Die Beraterkollegen von Sir Patrick waren ebenso unverblümt, darunter Professor Stephen Reicher, ein Mitglied der wissenschaftlichen Beratungsgruppe der Regierung für Notfälle (Sage), der warnte, dass Omicron „wie ein Schnellzug auf uns zukommt“, und darauf bestand, dass die Regierung die Öffentlichkeit informieren muss eine „gute, klare Botschaft“ darüber, wie „ernst die Krise ist“.

Die Aussicht, eine zweiwöchige Sperrung des Leistungsschalters einzuführen, wurde diskutiert – und scheint in der Öffentlichkeit allgemein beliebt zu sein – mit Plänen, die den Ministern zur Prüfung zur Verfügung gestellt wurden und anscheinend ein Verbot beinhalten, andere in Innenräumen zu treffen, außer zu Arbeitszwecken und zur Beschränkung von Pubs und Restaurants nur für den Außendienst.

Aber es ist klar, dass der Premierminister hofft, dass die Aufnahme von Auffrischungsimpfungen zusammen mit den kürzlich eingeführten teilweisen „Plan B“ -Beschränkungen ausreichen wird, um die Bedrohung abzuwehren.

Im Rahmen dieser Maßnahmen werden Briten derzeit erneut angewiesen, in Geschäften, Kinos, Theatern und Gotteshäusern sowie in öffentlichen Verkehrsmitteln Gesichtsmasken zu tragen und nach Möglichkeit von zu Hause aus zu arbeiten.

Die Regierung hat ihren Ansatz für Auffrischimpfungen weiter überarbeitet, sie allen über 18-Jährigen zur Verfügung gestellt und die Zeitspanne zwischen der zweiten und dritten Injektion von sechs auf drei Monate halbiert, alles in der Hoffnung, die befürchtete „Flutwelle“ abzuwehren. von Infektionen, die wir bereits sehen.

Nach offiziellen Angaben haben bisher fast 35,9 Millionen Menschen eine Auffrischimpfung erhalten.

Eine Form von „Plan C“ – ein Leistungsschalter oder strengere Beschränkungen – könnte notwendig sein, wenn Omicron beginnt, den NHS ernsthaft zu stören, aber es gibt eindeutig wenig politischen Appetit auf eine vierte nationale Sperrung.

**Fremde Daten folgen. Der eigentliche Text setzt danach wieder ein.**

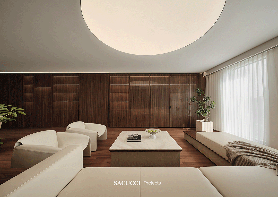 Crossing the warm and quiet bedroom, the gaze turns lightly to the living room, where an alcove behind the sofa quietly unfolds like a secret garden of time, leading us into another elegant realm.

Sage-Berater bleiben jedoch unmissverständlich in ihrer Forderung nach strengeren Bordsteinen, wobei der einflussreiche Professor Neil Ferguson vom Imperial College London offen die Möglichkeit für mehrere Wochen in Betracht zieht.

Noch bevor Omicron begann, seinen finsteren Schatten über die ganze Welt zu werfen, blickten viele Briten bereits ängstlich auf den Kontinent, als Österreich und die Niederlande als Reaktion auf die steigenden Fälle von Covid-19 wieder Ausgangssperren einführten.

Die Weltgesundheitsorganisation (WHO) hatte gesagt, sie sei „sehr besorgt“ über die Ausbreitung in Europa und warnte davor, dass bis März 700.000 weitere Todesfälle verzeichnet werden könnten, wenn nicht dringend gehandelt wird, was die Gesamtzahl seit Beginn der Pandemie auf 2,2 Millionen erhöht.

Vor den jüngsten besorgniserregenden Entwicklungen, die durch die neueste Variante ausgelöst wurden, war die Regierung von Herrn Johnson trotz konstant hoher Fallzahlen sehr zurückhaltend gewesen, Beschränkungen überhaupt wieder einzuführen.

Während die Impfstoffe die Sterblichkeitsraten seit dem Frühjahr konstant niedrig gehalten haben, blieben die Infektionsraten konstant hoch und bewegten sich typischerweise um die 40.000-pro-Tag-Marke, waren aber in den letzten Tagen mehr als doppelt so hoch.

Herr Johnson könnte auch besorgt sein, dass weitere Beschränkungen zu sozialer Unordnung führen könnten, nachdem er gesehen hat, wie Anti-Lockdown-Proteste – einige davon gewalttätig – in Österreich, den Niederlanden, Belgien, der Schweiz, Dänemark, Italien und Kroatien ausgebrochen sind.